Required work: Starting from the line with "En sjov og charmerende" and going up to and including the line with "One 1864 $10", copy the listing below exactly. Leave all images out.

Records for the exercise:
┌──

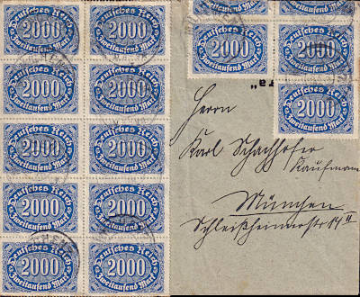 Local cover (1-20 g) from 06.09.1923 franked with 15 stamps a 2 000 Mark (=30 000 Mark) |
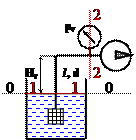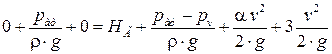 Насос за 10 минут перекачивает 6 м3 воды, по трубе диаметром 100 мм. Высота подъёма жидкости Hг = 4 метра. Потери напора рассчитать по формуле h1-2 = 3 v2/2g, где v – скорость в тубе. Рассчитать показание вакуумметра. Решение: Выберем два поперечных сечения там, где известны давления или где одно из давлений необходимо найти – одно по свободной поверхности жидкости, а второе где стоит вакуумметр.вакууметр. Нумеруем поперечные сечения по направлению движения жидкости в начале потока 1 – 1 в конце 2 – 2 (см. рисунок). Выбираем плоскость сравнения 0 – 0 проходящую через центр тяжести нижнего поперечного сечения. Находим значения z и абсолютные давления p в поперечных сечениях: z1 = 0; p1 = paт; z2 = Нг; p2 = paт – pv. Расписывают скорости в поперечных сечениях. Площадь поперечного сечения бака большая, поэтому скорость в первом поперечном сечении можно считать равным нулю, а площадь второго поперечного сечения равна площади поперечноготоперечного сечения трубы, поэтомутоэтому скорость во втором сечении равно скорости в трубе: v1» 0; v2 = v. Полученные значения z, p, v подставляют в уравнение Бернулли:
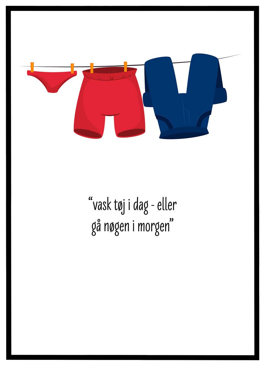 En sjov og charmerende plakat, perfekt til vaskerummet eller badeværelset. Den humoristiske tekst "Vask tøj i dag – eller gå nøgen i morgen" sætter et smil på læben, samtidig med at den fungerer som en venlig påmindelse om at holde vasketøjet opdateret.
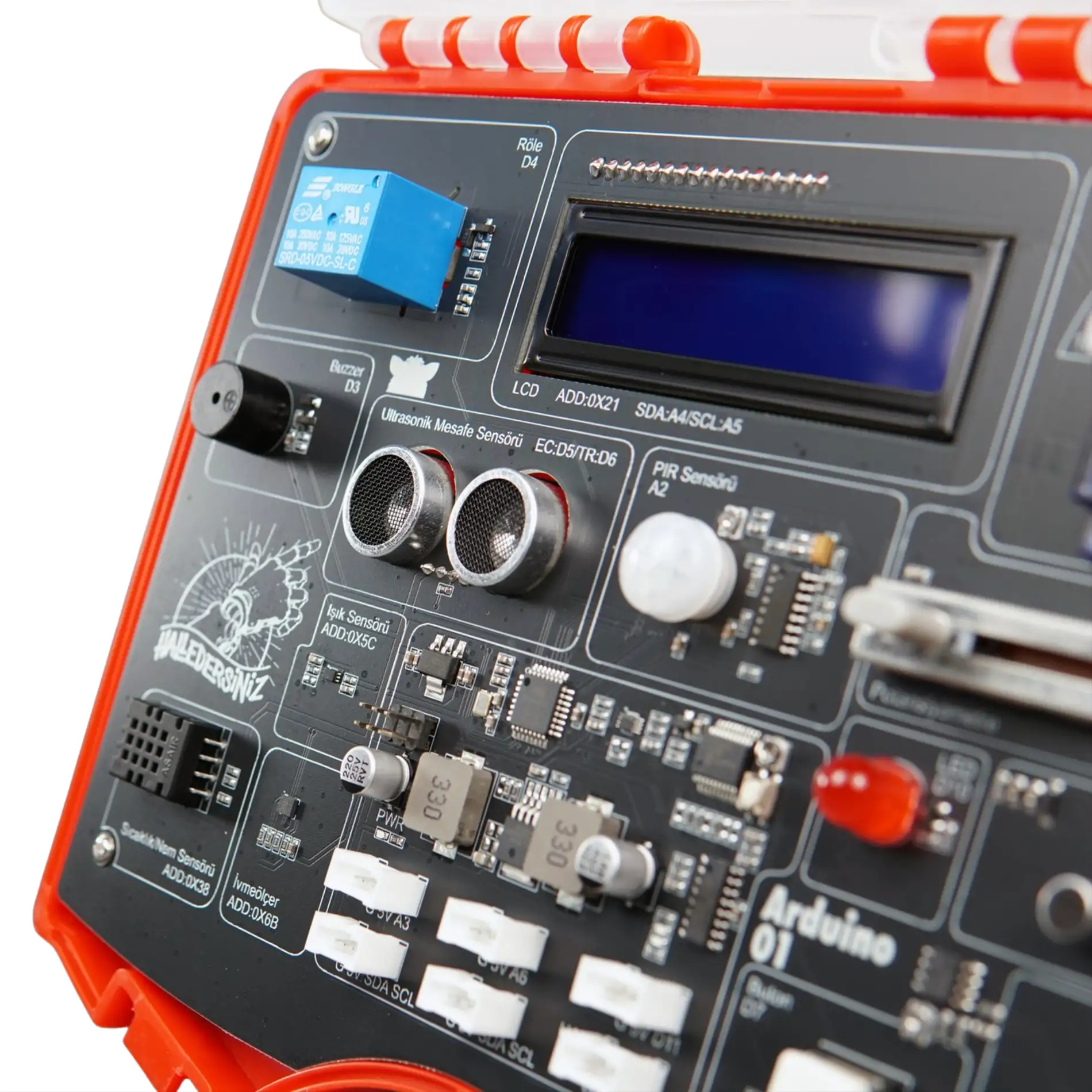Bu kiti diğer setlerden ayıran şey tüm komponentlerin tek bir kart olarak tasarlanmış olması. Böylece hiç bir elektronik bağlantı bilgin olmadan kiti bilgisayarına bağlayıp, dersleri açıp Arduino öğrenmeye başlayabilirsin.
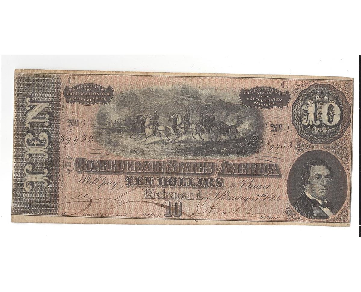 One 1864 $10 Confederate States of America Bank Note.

└──
┌──

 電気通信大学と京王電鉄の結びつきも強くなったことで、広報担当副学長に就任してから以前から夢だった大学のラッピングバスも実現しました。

└──

Solution below:
 En sjov og charmerende plakat, perfekt til vaskerummet eller badeværelset. Den humoristiske tekst "Vask tøj i dag – eller gå nøgen i morgen" sætter et smil på læben, samtidig med at den fungerer som en venlig påmindelse om at holde vasketøjet opdateret.
Bu kiti diğer setlerden ayıran şey tüm komponentlerin tek bir kart olarak tasarlanmış olması. Böylece hiç bir elektronik bağlantı bilgin olmadan kiti bilgisayarına bağlayıp, dersleri açıp Arduino öğrenmeye başlayabilirsin.
 One 1864 $10 Confederate States of America Bank Note.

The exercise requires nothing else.